THE TASK — Skip the images; return every entry exactly.

------ RECORDS PROVIDED ------

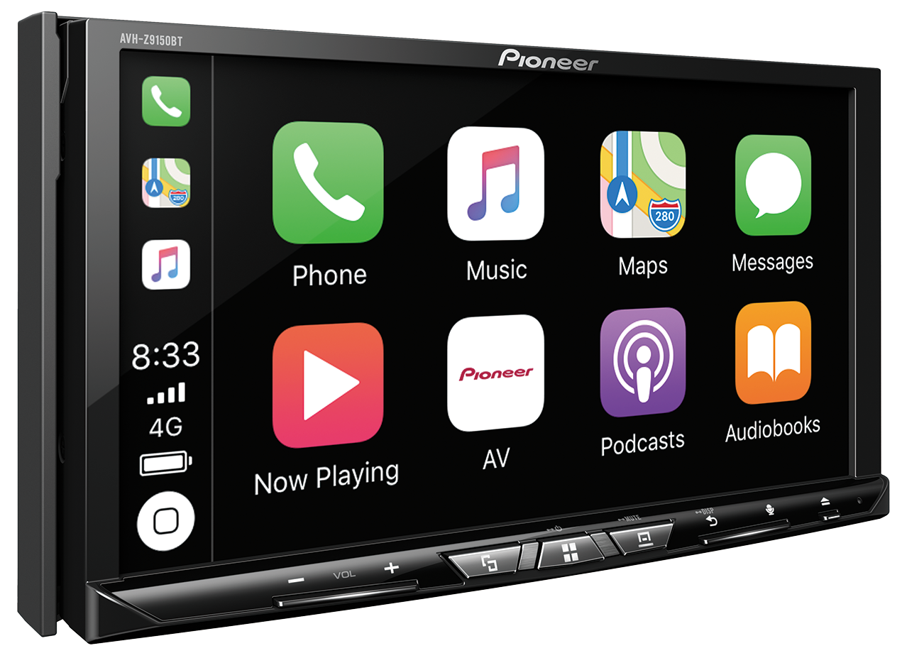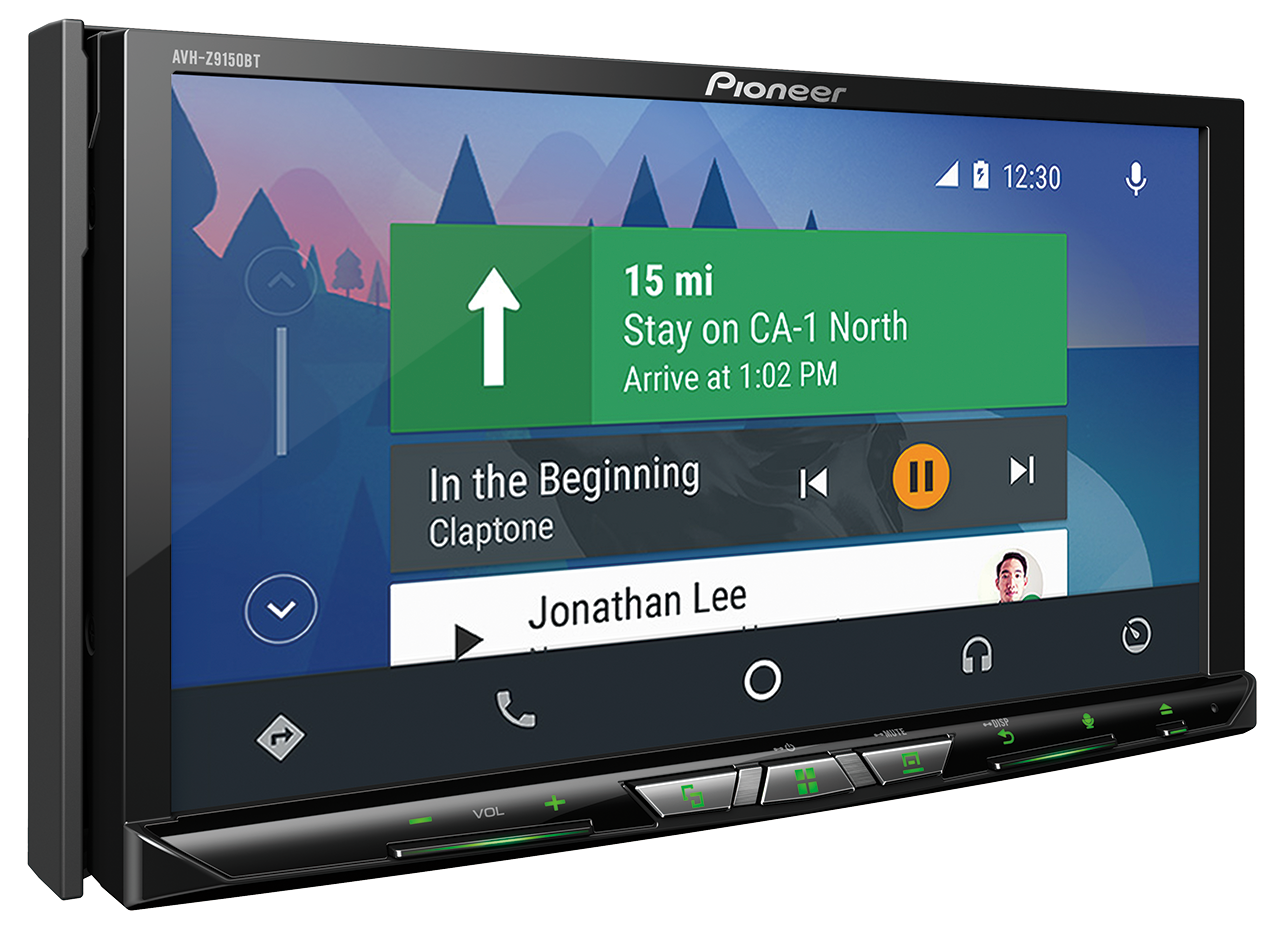 In-Dash Double-DIN Flagship DVD Multimedia AV Receiver with 7″ WVGA Touchscreen Display, Built-in Wi-Fi for Wireless Apple CarPlay and Android Auto Wireless, Dual USB, and SD Card Slot.
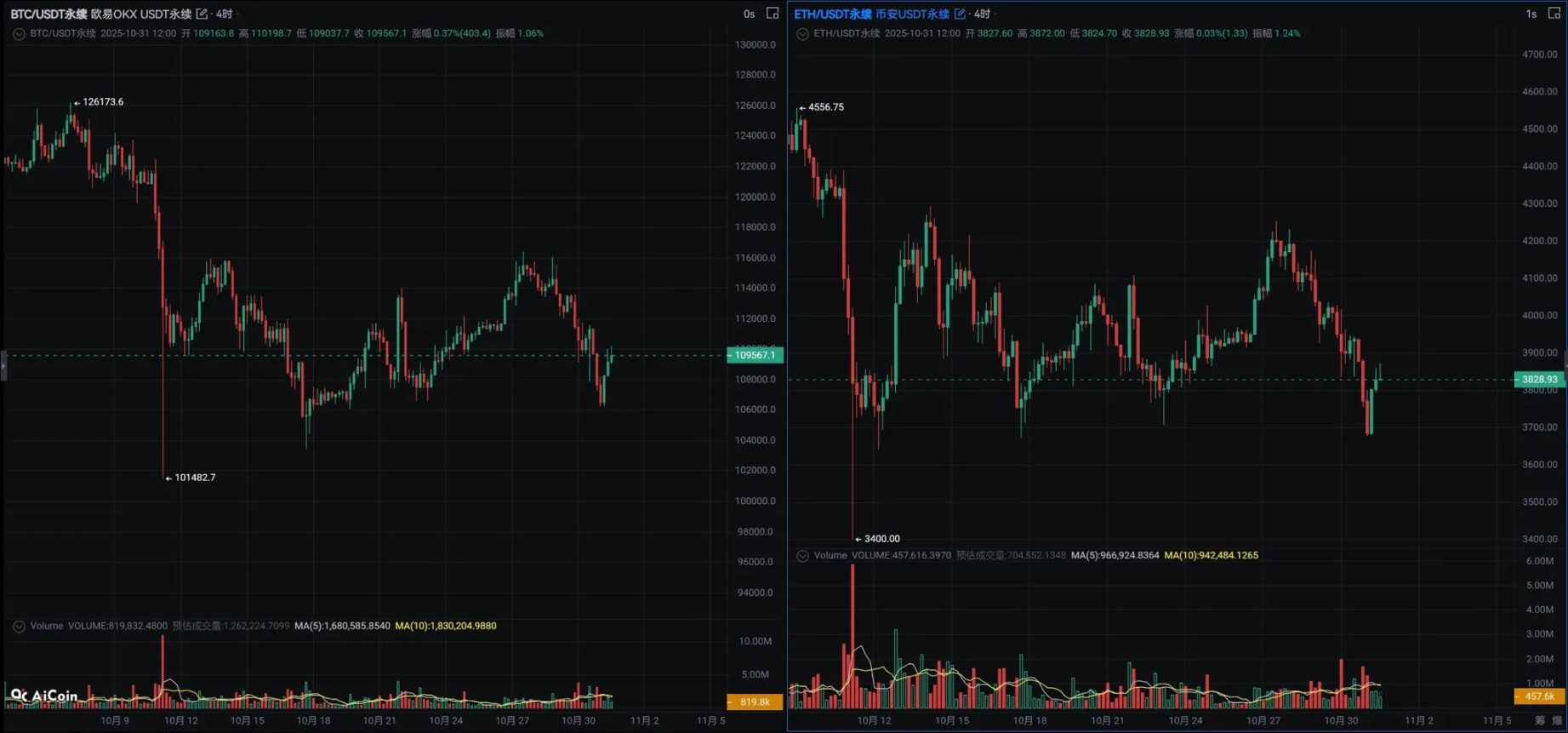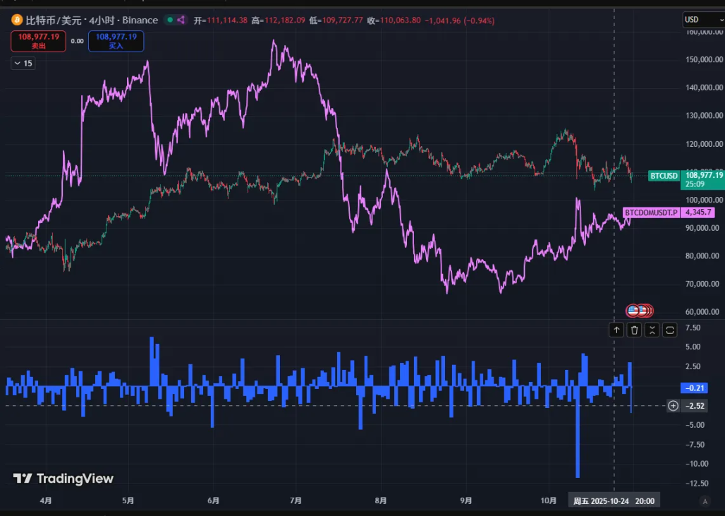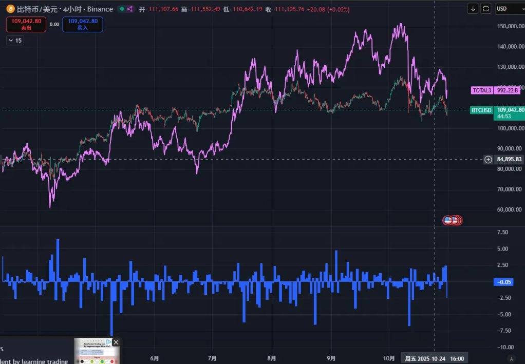 但 10 月 28 日市场拐头向下,跌破 112500 点,宣告关键位突破失败。周四美联储议息会议落地(宣布降息 25 个基点)前,市场已进入震荡下跌,完全收回前期涨幅,日线级弱势格局确立,后续大概率延续下行走势。
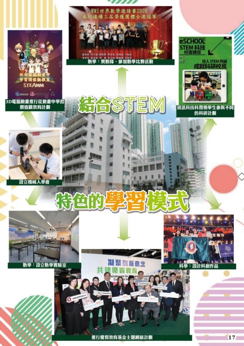 數學﹕奧數隊、參加數學比賽活動 3D電腦動畫推行從動畫中學習 結合 STEM 價值觀教育計劃 資訊科技科帶領學生參與不同 的科研計劃 設立機械人學會 特色的學習模式 數學﹕設立數學實驗室 科學﹕設計科創作品 推行優質教育基金主題網絡計劃 17
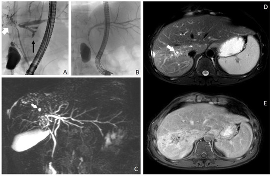 (A–E). ERCP revealed dominant stricture of the common biliary duct, atrophy of the right (white arrow) biliary system and hypertrophy of the left (black arrow) biliary system (A). Dilatation of the perihiliary left bile duct (B). In (C), maximum intensity projection of a 3D image using magnetic resonance cholangiopancreatography (MRCP), showing rarefication of the right sided bile ducts (especially segments VI and VII) with small cystic lesions (white arrow). MRI images show alterations of liver parenchyma in segments VI and VII. On fat-suppressed T2-weighted images (D), signal intensity increase is seen in segments VI and VII. The bile ducts are scarcely visible. Some small cystic lesions are seen in the corresponding segments (white arrow). These changes were interpreted as segmental changes due to primary sclerosing cholangitis. On contrast-enhanced fat-suppressed T1-weighted images (E), diffuse contrast enhancement is visible in segments VI, VII and VIII, which was attributed to inflammation.
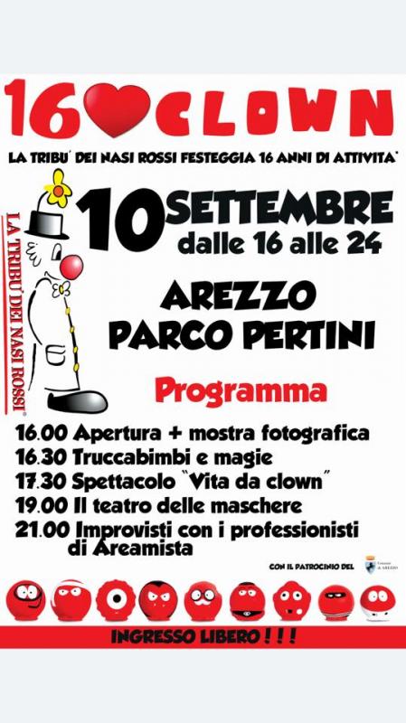 La Tribù dei Nasi Rossi Onlus, Associazione di Clown-Dottori volontari festeggia i suoi 16 anni di attività. Presente nei reparti di Pediatria, Oncologia, Radioterapia dell'ospedale S. Donato di Arezzo ed attiva nella promozione della cultura del volontariato ormai da anni nella città, ha organizzato una giornata per festeggiare con la cittadinanza. Un'occasione per grandi e piccini di assistere a spettacoli, giocare ed indossare un naso rosso, tutto gratuito!
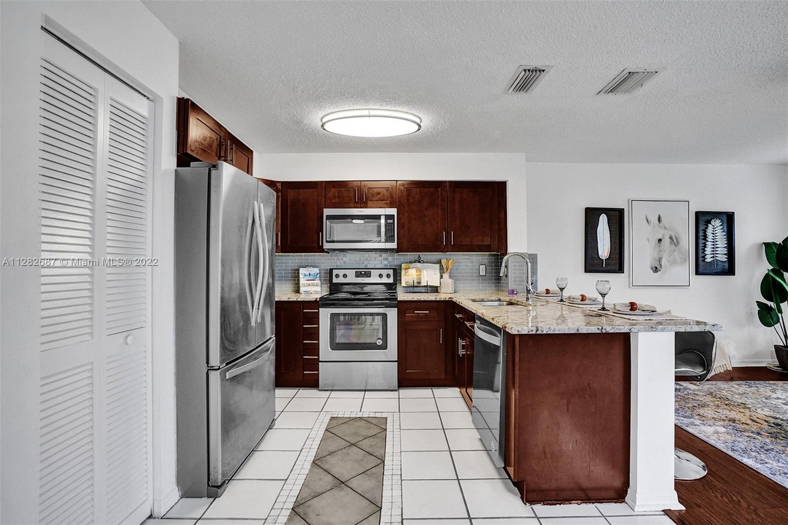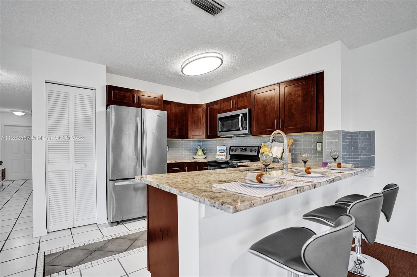 Looking for a place to call home, where you will actually meet your neighbors and children still play outside, then welcome to The Village at Harmony Lake !!! Spacious 4 bed, 2.5 bath townhome in Davie over 1800 sqft w/garage. Located on quiet cul de sac with peaceful water views & screened porch. This light and bright unit features upgraded granite kitchen and stainless steel appliances with breakfast bar overlooking large family room with water views. The dining room accesses the screened porch, perfect for family barbecues! Large master suite with updated bathroom and walk-in closet. Newer laminate flooring in all bedrooms. New A/C. Hurricane shutters in garage. Low HOA $472 quarterly. Community pool and playground. Superior schools. A pet friendly community perfect for your family!
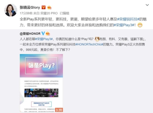 9月11日,荣耀HONOR官方微博发布长文,梳理解读了荣耀全新的产品系列——荣耀Play系列。荣耀战略和品牌发展张晓云也转发此微博,表明“全新Play系列更年轻、更科技、更潮,期望给更多年轻人惠及#荣耀锐科技#的魅力,带来更好的体验和选择”。早在9月4日,荣耀在武汉举办了新品发布会。发布会不仅推出了荣耀20S和荣耀Play3等新产品,还公布了荣耀全新的产品系列和定位。荣耀希望通过鲜明而又充满自身个性的产品系列划分,让所有荣耀产品能够凝聚成更潮更完整的产品形象,进一步和年轻用户沟通,让他们畅想科技的快乐。
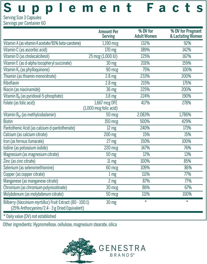 • Pregnancy Support: Broad spectrum pre- and postnatal multivitamin, multimineral and herbal formula, includes organic sources of minerals (citrate, fumarate and methionine). Healthful with adequate folate may reduce a woman's risk of having a child with a brain or spinal cord birth defect.* Provides the recommended daily intake of iron during pregnancy, and helps to prevent iron deficiency anaemia.*

------

TASK ANSWER —
 In-Dash Double-DIN Flagship DVD Multimedia AV Receiver with 7″ WVGA Touchscreen Display, Built-in Wi-Fi for Wireless Apple CarPlay and Android Auto Wireless, Dual USB, and SD Card Slot.
 但 10 月 28 日市场拐头向下,跌破 112500 点,宣告关键位突破失败。周四美联储议息会议落地(宣布降息 25 个基点)前,市场已进入震荡下跌,完全收回前期涨幅,日线级弱势格局确立,后续大概率延续下行走势。
 數學﹕奧數隊、參加數學比賽活動 3D電腦動畫推行從動畫中學習 結合 STEM 價值觀教育計劃 資訊科技科帶領學生參與不同 的科研計劃 設立機械人學會 特色的學習模式 數學﹕設立數學實驗室 科學﹕設計科創作品 推行優質教育基金主題網絡計劃 17
 (A–E). ERCP revealed dominant stricture of the common biliary duct, atrophy of the right (white arrow) biliary system and hypertrophy of the left (black arrow) biliary system (A). Dilatation of the perihiliary left bile duct (B). In (C), maximum intensity projection of a 3D image using magnetic resonance cholangiopancreatography (MRCP), showing rarefication of the right sided bile ducts (especially segments VI and VII) with small cystic lesions (white arrow). MRI images show alterations of liver parenchyma in segments VI and VII. On fat-suppressed T2-weighted images (D), signal intensity increase is seen in segments VI and VII. The bile ducts are scarcely visible. Some small cystic lesions are seen in the corresponding segments (white arrow). These changes were interpreted as segmental changes due to primary sclerosing cholangitis. On contrast-enhanced fat-suppressed T1-weighted images (E), diffuse contrast enhancement is visible in segments VI, VII and VIII, which was attributed to inflammation.
 La Tribù dei Nasi Rossi Onlus, Associazione di Clown-Dottori volontari festeggia i suoi 16 anni di attività. Presente nei reparti di Pediatria, Oncologia, Radioterapia dell'ospedale S. Donato di Arezzo ed attiva nella promozione della cultura del volontariato ormai da anni nella città, ha organizzato una giornata per festeggiare con la cittadinanza. Un'occasione per grandi e piccini di assistere a spettacoli, giocare ed indossare un naso rosso, tutto gratuito!
 Looking for a place to call home, where you will actually meet your neighbors and children still play outside, then welcome to The Village at Harmony Lake !!! Spacious 4 bed, 2.5 bath townhome in Davie over 1800 sqft w/garage. Located on quiet cul de sac with peaceful water views & screened porch. This light and bright unit features upgraded granite kitchen and stainless steel appliances with breakfast bar overlooking large family room with water views. The dining room accesses the screened porch, perfect for family barbecues! Large master suite with updated bathroom and walk-in closet. Newer laminate flooring in all bedrooms. New A/C. Hurricane shutters in garage. Low HOA $472 quarterly. Community pool and playground. Superior schools. A pet friendly community perfect for your family!
 9月11日,荣耀HONOR官方微博发布长文,梳理解读了荣耀全新的产品系列——荣耀Play系列。荣耀战略和品牌发展张晓云也转发此微博,表明“全新Play系列更年轻、更科技、更潮,期望给更多年轻人惠及#荣耀锐科技#的魅力,带来更好的体验和选择”。早在9月4日,荣耀在武汉举办了新品发布会。发布会不仅推出了荣耀20S和荣耀Play3等新产品,还公布了荣耀全新的产品系列和定位。荣耀希望通过鲜明而又充满自身个性的产品系列划分,让所有荣耀产品能够凝聚成更潮更完整的产品形象,进一步和年轻用户沟通,让他们畅想科技的快乐。
 • Pregnancy Support: Broad spectrum pre- and postnatal multivitamin, multimineral and herbal formula, includes organic sources of minerals (citrate, fumarate and methionine). Healthful with adequate folate may reduce a woman's risk of having a child with a brain or spinal cord birth defect.* Provides the recommended daily intake of iron during pregnancy, and helps to prevent iron deficiency anaemia.*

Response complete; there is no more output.